EDIT: Should add that the adapter has plenty of room for the stem and seatpost to fit, which was an issue with my previous one. The connectors close very securely too (the other one had open sides).


----------



## 123ski (Jun 16, 2008)

I ended up with the Yakima Tube Top. It works fairly well. One complaint is that when you attach the front to the stem the gap between your top tube and the "tube top" is very small (towards your handlebars). My rack started scratching my frame there so I put some clear bra on my bike, it didn't help so I put some tube insulator around my bike frame and it worked great. I am pretty sure you would have that problem with any of the top tubes if you had my rack or my bike..so it isn't really a design flaw of the Tube Top. Other than that, I am pretty sure they all work fine.


----------



## Eric Z (Sep 28, 2008)

i have the xport and works perfectly! there's no reason to get the thule or yakima imo. i agree with how the bike hangs a little lower with it- just be aware and check it out. 

one thing i noticed is the handle bars would turn when the adaptor was attached because the opening on the one end of the adaptor was big. i just flipped it around and now it fits perfectly around my stem and no movement at all. this won't work with all stems, but worth a shot.

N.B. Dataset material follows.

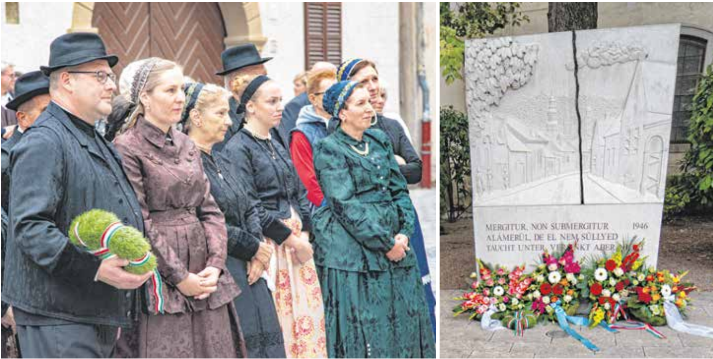
A kétnyelvű megemlékezésen több mint százán vettek részt, sokan német nemzetiségi öltözetben.

no complaints here at all with the xport variety!


----------



## 96m2comp (Oct 12, 2007)

Thank you guys for the feedback! What stinks is my B-I-L JUST placed an order with Performance, could have split s/h! Oh well.

Chris


----------



## Leonard Powell (Feb 23, 2010)

*failed product*

My xport frame adaptor opened up and I lost my bike. Performance has a recall on them. Check their site. I'm going with the Yakima brand.


----------



## hybridzeg8 (Aug 27, 2012)

Also looking into this... Any updates I'm leaning towards the Yakima tube top... Also what bikes have people hauled around I'm looking to use it on my trek session weighs 39lbs


----------



## hybridzeg8 (Aug 27, 2012)

Well with no feed back I figured I'd try the tube top, was the beefiest and strongest looking out of the ones that where were I bought it. Tested on my 2012 hard rock and my 2010 session 8. Holds both up really well, only had to adjust the seat height to fit the tube top across my session 8. Once fitted it was really easy to mount to my Yakima 4 bike hitch mount rack, and it doubles as a carrier when taking out of my basement. Only had it for a day but I would recommend it so far to any one that needs it. Also the session is the heaviest of the 2 at 39lbs


----------